Pubblicato il 30 aprile 2010 da Flavia

Tra tutti i miei ricordi la Grecia, dove ho vissuto tra il 2001 e il 2004 e dove ho trascorso i miei primi mesi di gravidanza, ha un posto insostituibile. In questi giorni non posso che ripensare a quella terra con cui ho avuto una vera, fulminante storia d’amore, con una fortissima stretta al cuore. E dire che in quegli anni avevo proprio l’impressione di un popolo affamato di piaceri, come le lunghe notti ai “bouzukia” dove si mangia, si canta, si beve, ci si tirano fiori e si alla fine si sale sul palco a ballare con gli artisti famosi… gente che osava vivere sempre un po’ al di sopra delle sue possibilità, ma anche gente che appena arrivi su un’isola ti dice subito qual è il punto migliore da cui godere il tramonto.

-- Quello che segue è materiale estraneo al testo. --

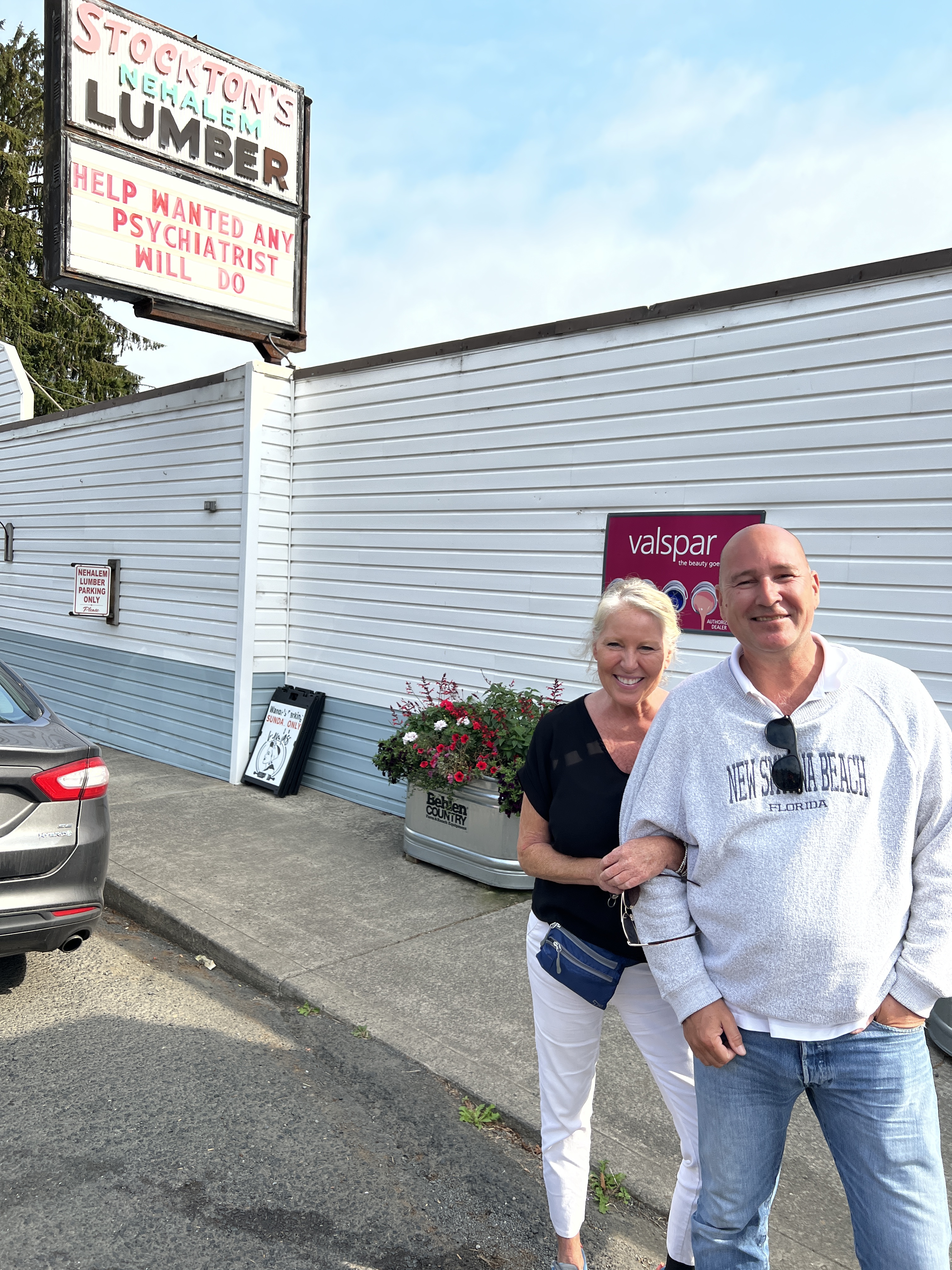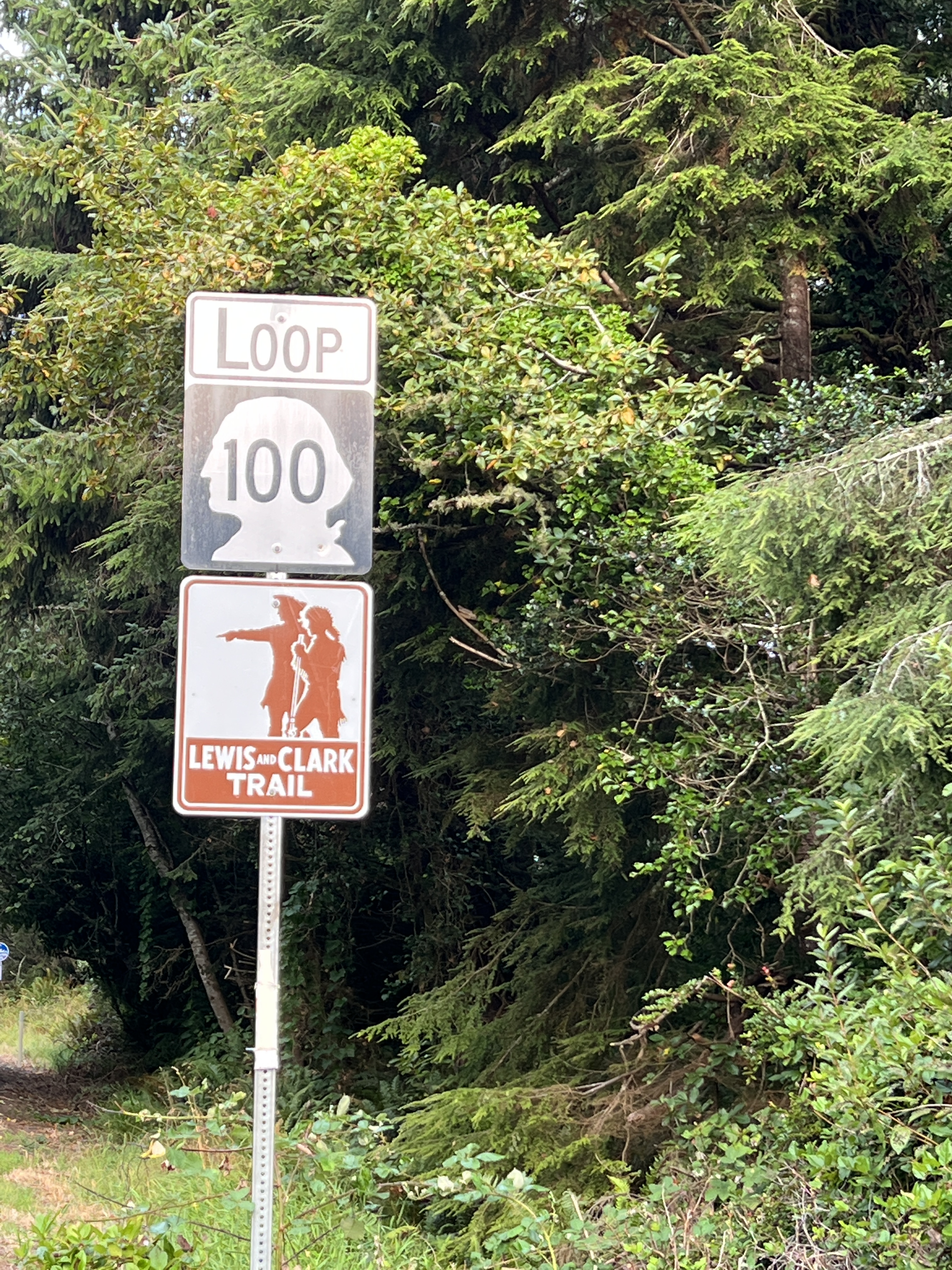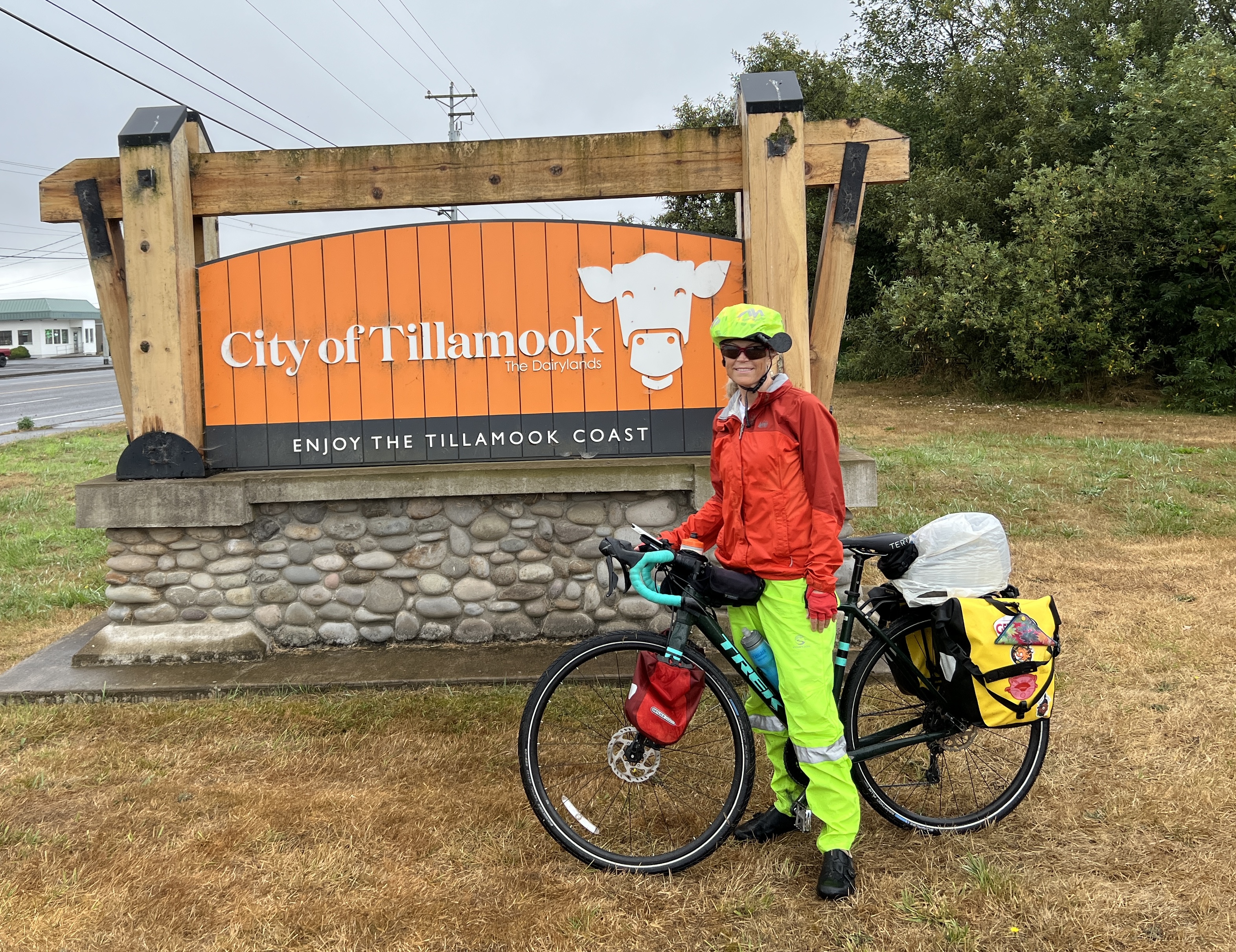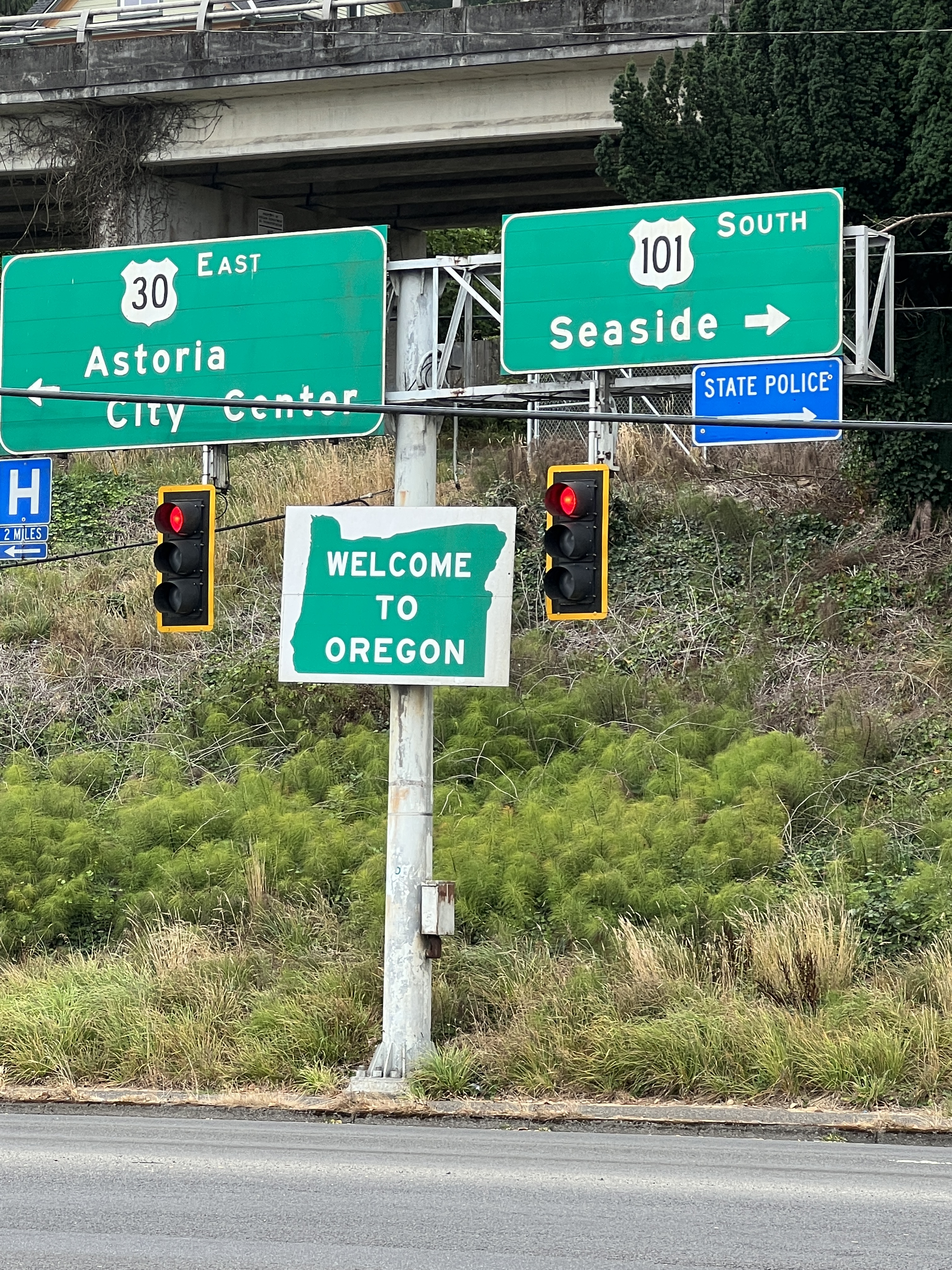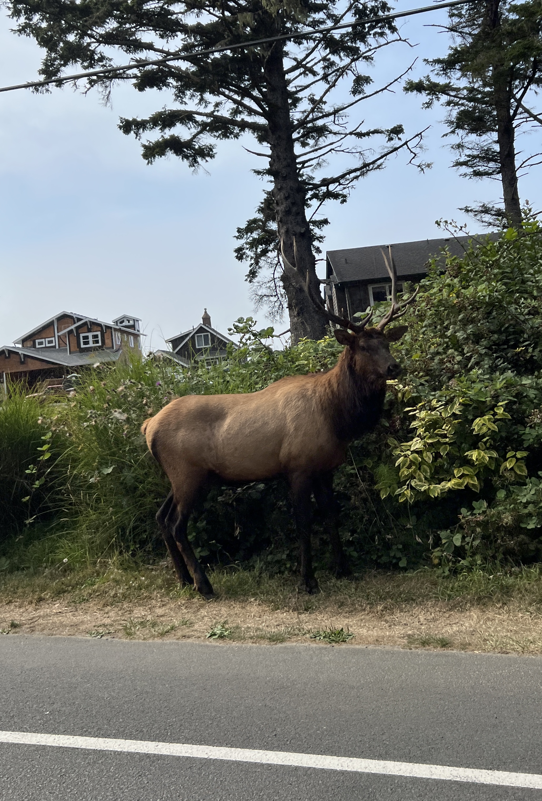 Long Beach to Nehalem, over the Astoria bridge and via Seaside (for brunch) and Canon Beach (visited Miska’s gallery). Passed some elk in Canon Beach (NOT zoomed in)! Surprise cheering squad in Nehalem (Mary and Jens, funny sign above them) and stayed with artist friend MJ.

Speriamo che ce la facciano, perchè hanno un gran cuore.
Ne riparlerò, e intanto proseguo da qui

————–

Mira, 2005

La riviera del Brenta è un posto molto suggestivo, ma io la conosco solo per uno stabilimento, quello dell’antica Miralanza, che si trova a Mira, appunto. (E’ lì che mi hanno regalato la bellissima collezione di libri di Calimero che hanno quasi la mia età, e che oggi cerco di proteggere dai Pezzetti per non rovinarli).  Ci vado molto spesso per le riunioni con la ricerca e sviluppo. Stamattina A., tedesca, mia coetanea ma ora mia sottoposta per i vari “giri” delle varie ruote aziendali, mi ha invitata ad andare a correre con lei. Il giro in campagna è bellissimo ma dura la bellezza di un’ora, e non è che io sia così allenata. Verso la fine, per non farmi vedere troppo spompata e per non rimanere indietro, la supero. Mossa sbagliatissima, perchè dopo pochi metri lei mi risupera, come per dire “guarda che andavo così piano solo per aspettare te, scema”. La ritrovo dieci minuti dopo nel giardino dell’albergo. Mentre gli altri fanno colazione all’aperto e ci guardano un po’ straniti, io sono tutta rossa e stravolta. Ma sono felice mentre faccio stretching.

Barcellona, 2003

Siamo scese da un aereo, passate in albergo a lasciare le nostre cose e uscite subito per mangiare qualcosa. Ci siamo sedute sulla Rambla e abbiamo ordinato tapas: prosciutto, formaggio, frittata. Al tavolo accanto c’è una rumorosa comitiva di ragazzotti americani. Uno di loro, un po’ alticcio, ci chiede di dove siamo e attacca bottone, per poi chiederci di unirci a loro per il resto della serata (come era prevedibile). Melina, la brand manager greca tanto carina, è a disagio: sono il suo capo, non sa bene come reagire. Declino l’invito ridendo: “domani ci alziamo presto, abbiamo molto da fare..” Qualche drink dopo perderà le inibizioni e mi dirà “èmeine me to poulaki sto keri! – è rimasto con l’uccellino in mano”. Così ho imparato come si dice in greco “andare in bianco”.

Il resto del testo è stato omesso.